Bomb attack on Pakistan mosque kills 45
Senior city official Hashim Raza said 149 were also wounded in the blast in Karachi, the latest to target Shiite Muslims.
"It was a powerful blast on a congested Shiite-dominated area," senior police official Shabir Ahmad Sheikh.
Military offensives and US drone strikes against the Taleban in Pakistan have reduced the number of suicide attacks on government and military targets over the past year.
But Sunni groups, most prominently Lashkar-e-Jhangvi (LeJ), have escalated attacks against Shiites, who they believe are non-Muslims.
Bombings targeting Shiites have killed nearly 200 people in the city of Quetta alone since the start of the year.
In 2012, sectarian attacks and clashes climbed by 47 percent to 208, according to the Pak Institute for Peace Studies, a prominent Pakistani think tank.

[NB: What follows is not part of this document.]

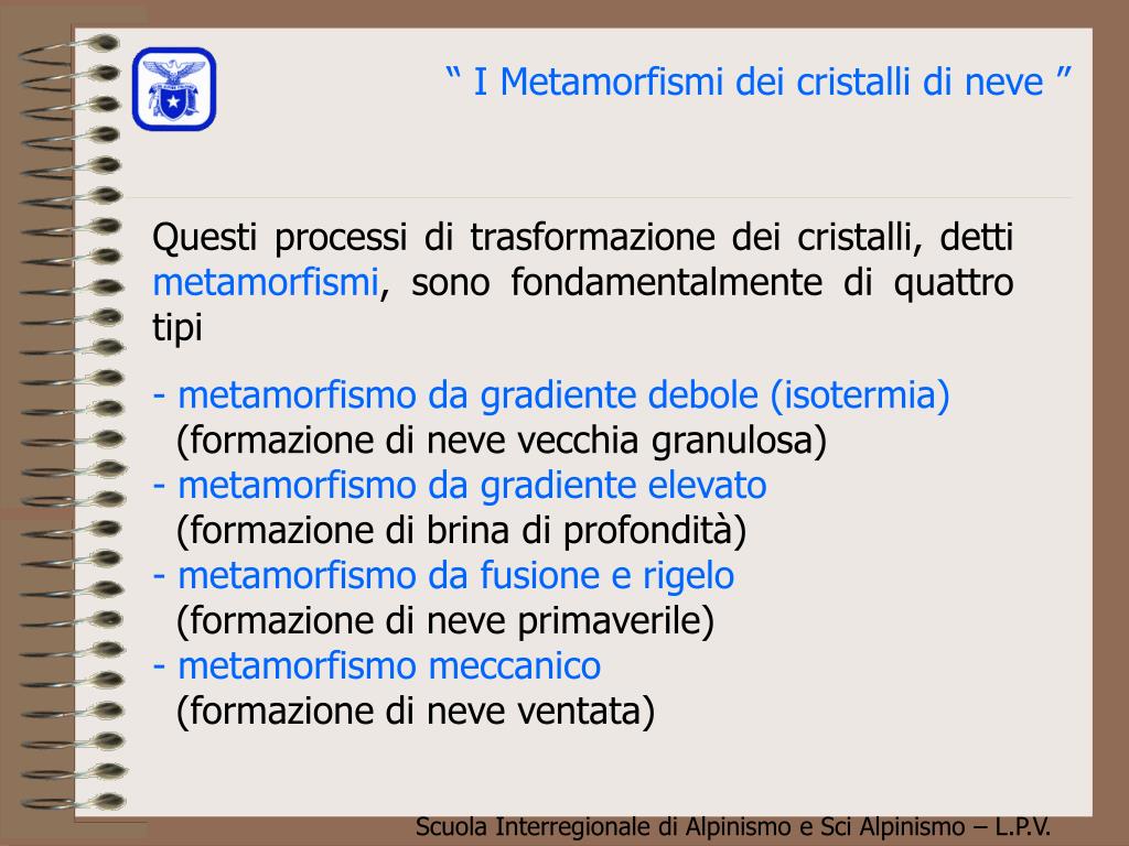“ I Metamorfismi dei cristalli di neve ” Questi processi di trasformazione dei cristalli, detti metamorfismi, sono fondamentalmente di quattro tipi - metamorfismo da gradiente debole (isotermia) (formazione di neve vecchia granulosa) - metamorfismo da gradiente elevato (formazione di brina di profondità)- metamorfismo da fusione e rigelo (formazione di neve primaverile) - metamorfismo meccanico (formazione di neve ventata)

While the Quetta carnage grabbed world attention, a Reuters inquiry into a lesser known spate of murders in Karachi suggests the violence is taking on a volatile new dimension as a small number of Shiites fight back.
Pakistan's Western allies have traditionally been fixated on the challenge posed to the nuclear-armed state by Taleban militants battling the army in the highlands on the Afghan frontier.
But a cycle of tit-for-tat killings on the streets of Karachi points to a new type of threat: a campaign by LeJ and allied Pakistani anti-Shiite groups to rip open sectarian fault-lines in the city of 18 million people.
Pakistani intelligence agents say the LeJ has become a major security threat in Pakistan, which is also struggling with a fragile economy, dilapidated infrastructure and widespread poverty.
Shiite frustrations are rising with each blast. Shiites fired weapons in the air on Sunday night in Karachi, a bustling metropolis plagued by ethnic and political violence and crime.
"The explosion was so massive it jolted the entire area," said witness Ali Reza. "Two flats and nearby shops caught fire after the explosion and balconies of various buildings collapsed."
Another witness, Muhammad Kazim, said women and children who were shopping nearby were wounded.